Bing Details How To Control BingBot Crawling Behavior

    May 4, 2012
    Zach Walton
    Comments are off for this post.

BingBot is the cute name that Microsoft gives the bot that crawls the Web indexing the content is returned to users who use its search function. BingBot might start to index unwarranted content or it might index enough content sometimes. Microsoft has some tips to make your Web site BingBot friendly so that the right amount of content is always crawled.

I’m sure that any Webmaster worth their domain is aware of robots.txt files. It’s the file that one uses to control the behavior of Web crawlers. It essentially tells the bot what to crawl and what not to crawl.

It’s important to note that BingBot will look for the robots.txt file at each subdomain.
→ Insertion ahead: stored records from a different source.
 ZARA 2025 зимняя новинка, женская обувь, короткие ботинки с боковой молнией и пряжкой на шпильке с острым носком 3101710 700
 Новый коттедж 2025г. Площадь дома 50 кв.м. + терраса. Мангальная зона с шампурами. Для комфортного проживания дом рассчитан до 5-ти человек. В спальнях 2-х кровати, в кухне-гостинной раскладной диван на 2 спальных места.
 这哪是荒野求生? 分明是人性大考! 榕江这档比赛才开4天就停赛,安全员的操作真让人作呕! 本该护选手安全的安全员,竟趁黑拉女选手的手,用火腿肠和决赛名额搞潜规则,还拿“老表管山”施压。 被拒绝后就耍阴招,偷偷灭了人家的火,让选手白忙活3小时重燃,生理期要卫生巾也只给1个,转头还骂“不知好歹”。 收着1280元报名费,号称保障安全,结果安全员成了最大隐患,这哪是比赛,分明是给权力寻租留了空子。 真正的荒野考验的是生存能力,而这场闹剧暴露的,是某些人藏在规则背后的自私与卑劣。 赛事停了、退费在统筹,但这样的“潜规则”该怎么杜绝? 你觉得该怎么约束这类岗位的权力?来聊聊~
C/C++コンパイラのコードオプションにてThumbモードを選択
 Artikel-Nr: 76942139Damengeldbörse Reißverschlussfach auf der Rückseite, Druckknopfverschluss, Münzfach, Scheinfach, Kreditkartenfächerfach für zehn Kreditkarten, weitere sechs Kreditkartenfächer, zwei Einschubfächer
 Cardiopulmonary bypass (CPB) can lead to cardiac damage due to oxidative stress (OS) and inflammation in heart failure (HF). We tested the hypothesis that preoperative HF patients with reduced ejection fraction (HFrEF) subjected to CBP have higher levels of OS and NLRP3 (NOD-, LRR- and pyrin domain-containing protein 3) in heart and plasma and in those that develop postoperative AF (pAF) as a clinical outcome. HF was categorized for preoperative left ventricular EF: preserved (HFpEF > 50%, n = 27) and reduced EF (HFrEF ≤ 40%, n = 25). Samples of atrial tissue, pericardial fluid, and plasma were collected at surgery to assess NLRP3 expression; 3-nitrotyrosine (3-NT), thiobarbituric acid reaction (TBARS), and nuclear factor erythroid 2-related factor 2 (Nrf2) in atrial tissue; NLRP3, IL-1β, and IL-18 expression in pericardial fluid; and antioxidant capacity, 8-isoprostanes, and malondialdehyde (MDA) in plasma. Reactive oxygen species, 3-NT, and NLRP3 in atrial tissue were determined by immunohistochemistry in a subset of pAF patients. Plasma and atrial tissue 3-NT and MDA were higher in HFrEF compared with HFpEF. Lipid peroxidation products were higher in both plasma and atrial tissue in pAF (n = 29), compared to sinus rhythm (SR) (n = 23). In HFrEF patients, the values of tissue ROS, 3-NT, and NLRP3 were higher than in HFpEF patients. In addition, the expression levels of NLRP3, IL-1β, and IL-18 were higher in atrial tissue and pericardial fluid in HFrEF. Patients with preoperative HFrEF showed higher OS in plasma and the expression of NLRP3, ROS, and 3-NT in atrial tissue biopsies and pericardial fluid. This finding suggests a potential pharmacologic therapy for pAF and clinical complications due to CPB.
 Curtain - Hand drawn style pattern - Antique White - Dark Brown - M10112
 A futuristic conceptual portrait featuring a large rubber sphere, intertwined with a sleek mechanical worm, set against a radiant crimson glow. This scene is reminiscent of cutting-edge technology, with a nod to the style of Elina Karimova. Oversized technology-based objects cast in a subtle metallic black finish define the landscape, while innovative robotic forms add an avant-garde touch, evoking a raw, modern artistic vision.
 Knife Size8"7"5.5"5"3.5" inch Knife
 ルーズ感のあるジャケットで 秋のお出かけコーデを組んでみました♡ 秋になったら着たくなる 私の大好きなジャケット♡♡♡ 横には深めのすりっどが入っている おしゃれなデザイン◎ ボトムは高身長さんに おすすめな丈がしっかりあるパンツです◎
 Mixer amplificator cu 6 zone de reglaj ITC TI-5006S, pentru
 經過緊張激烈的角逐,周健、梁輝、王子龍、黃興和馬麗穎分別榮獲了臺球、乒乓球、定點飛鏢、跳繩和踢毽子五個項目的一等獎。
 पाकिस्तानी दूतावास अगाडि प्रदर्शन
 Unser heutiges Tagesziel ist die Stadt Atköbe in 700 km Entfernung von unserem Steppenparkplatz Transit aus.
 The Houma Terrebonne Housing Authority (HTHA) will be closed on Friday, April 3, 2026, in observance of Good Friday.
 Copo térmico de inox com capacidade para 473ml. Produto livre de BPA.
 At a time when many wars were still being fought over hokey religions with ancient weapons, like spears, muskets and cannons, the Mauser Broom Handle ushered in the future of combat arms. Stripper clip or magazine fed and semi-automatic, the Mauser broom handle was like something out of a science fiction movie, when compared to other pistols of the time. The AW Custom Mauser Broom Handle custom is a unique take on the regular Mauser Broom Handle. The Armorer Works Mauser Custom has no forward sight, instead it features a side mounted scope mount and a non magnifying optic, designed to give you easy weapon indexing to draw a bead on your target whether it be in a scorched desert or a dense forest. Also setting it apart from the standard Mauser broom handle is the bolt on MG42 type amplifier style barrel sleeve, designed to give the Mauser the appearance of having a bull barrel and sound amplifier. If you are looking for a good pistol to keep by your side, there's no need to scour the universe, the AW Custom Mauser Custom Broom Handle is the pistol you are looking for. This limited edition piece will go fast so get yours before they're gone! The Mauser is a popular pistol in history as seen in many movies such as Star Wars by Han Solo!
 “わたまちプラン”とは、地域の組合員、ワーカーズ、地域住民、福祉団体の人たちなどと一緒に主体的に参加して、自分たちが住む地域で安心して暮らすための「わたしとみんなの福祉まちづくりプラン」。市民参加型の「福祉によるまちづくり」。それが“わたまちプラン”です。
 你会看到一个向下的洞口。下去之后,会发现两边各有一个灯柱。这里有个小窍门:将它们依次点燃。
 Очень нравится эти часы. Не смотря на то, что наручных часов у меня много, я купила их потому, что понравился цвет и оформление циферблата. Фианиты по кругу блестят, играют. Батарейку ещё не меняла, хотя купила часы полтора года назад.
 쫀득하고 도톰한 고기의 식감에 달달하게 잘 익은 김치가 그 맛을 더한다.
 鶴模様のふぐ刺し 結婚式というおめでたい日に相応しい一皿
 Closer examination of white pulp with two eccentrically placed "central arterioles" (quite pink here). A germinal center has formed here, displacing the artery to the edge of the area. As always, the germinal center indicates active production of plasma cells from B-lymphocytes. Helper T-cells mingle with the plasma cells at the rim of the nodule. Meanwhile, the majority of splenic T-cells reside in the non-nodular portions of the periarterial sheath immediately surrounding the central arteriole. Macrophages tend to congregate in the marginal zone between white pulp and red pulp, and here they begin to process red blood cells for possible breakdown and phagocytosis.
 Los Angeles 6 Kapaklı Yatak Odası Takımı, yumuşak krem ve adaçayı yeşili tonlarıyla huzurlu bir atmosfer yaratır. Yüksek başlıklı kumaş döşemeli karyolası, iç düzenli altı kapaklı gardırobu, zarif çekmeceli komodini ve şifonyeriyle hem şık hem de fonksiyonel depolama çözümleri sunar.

Say that you have a Web site like http://us.contoso.com/products.htm, BingBot will look for the file at http://us.contoso.com/robots.txt. Note that this URL is for the U.S. subdomain. If you find yourself hosting multiple subdomains for multiple countries, you’re going to need a robots.txt file for each subdomain. If not, BingBot will just assume it’s invited in and start crawling all those cyberskeletons in your subdomain’s closet.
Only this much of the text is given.